Саша Канес
Шоколадная ворона
Терминал
Огромный неоновый циферблат на стене показывал девять часов тридцать минут вечера. В небольшом ресторане на втором этаже международного терминала аэропорта Шереметьево сидели и тихо беседовали два человека. Говорил в основном один, черный носатый мужчина лет сорока, одетый в дорогой темно-серый костюм. Его собеседником был молодой человек крепкого телосложения в джинсах и спортивной куртке. Широкие скулы и характерный разрез глаз не оставляли сомнения в азиатском происхождении парня. Изувеченное и испещренное шрамами лицо его нервно подергивалось, он то и дело трогал пальцами левой руки свой сломанный и вдобавок обезображенный шрамом нос – будто с недоверием проверял, на месте ли тот вообще. Разговор шел на русском языке, хотя каждый из собеседников говорил на нем с небольшим акцентом.

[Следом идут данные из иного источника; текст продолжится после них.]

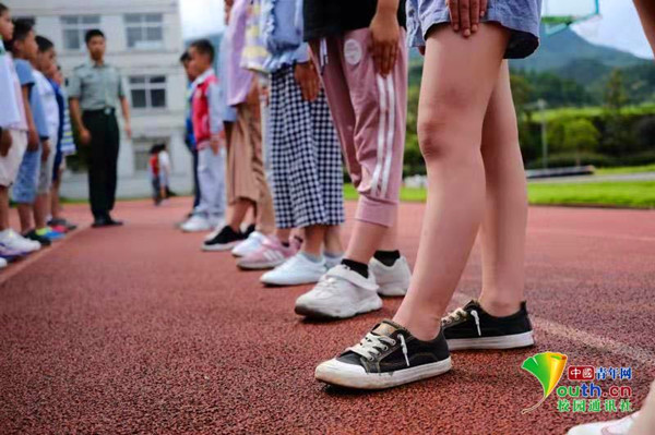 这是实践团来到村头镇以来第一次真切地见到村头镇湛蓝的天空,太阳也正式露了脸,作为军训活动的第一天,无论是实践团的成员还是孩子们都以最饱满的精神面貌对待这次军训。我们的军训活动教官由宁波财经学院军训教导队的成员们担任,教导队成员将在为期两天的时间里,将带领孩子们锻炼身体,学习军体拳以及为他们开展国防教育。下午的太阳和蝉鸣在夏天里带来燥热的气息,但是孩子们依旧最努力地保持军姿。虽然孩子们的脸颊上早已留下汗水,而他们喊出口号声却依旧那么的铿锵有力,他们笔挺的身影被傍晚斜晖照耀,落在操场的跑道上。军训进行的同时,实践团的成员们也在第一时间,为孩子们准备好防暑措施,时刻关注着孩子们的身体状况。

Молодого человека звали Серик Гулиев, и родом он был из казахского поселка под названием Баян-аул, раскинувшегося на берегу озера Жасыбай. Два часа назад Серика привезли сюда из небольшого подмосковного городка, расположенного на живописном берегу Оки. Он уже бывал раньше в этом международном аэропорту – летал отсюда в Сирию, где целых три месяца жил и тренировался вместе с молодыми мусульманами из других стран. Именно там после встречи со стареньким белобородым шейхом, приехавшим из Саудовского королевства, Серик и выразил готовность стать шахидом. Этот внешне спокойный, благообразный старик специально проделал нелегкий для него путь, чтобы пообщаться с молодежью.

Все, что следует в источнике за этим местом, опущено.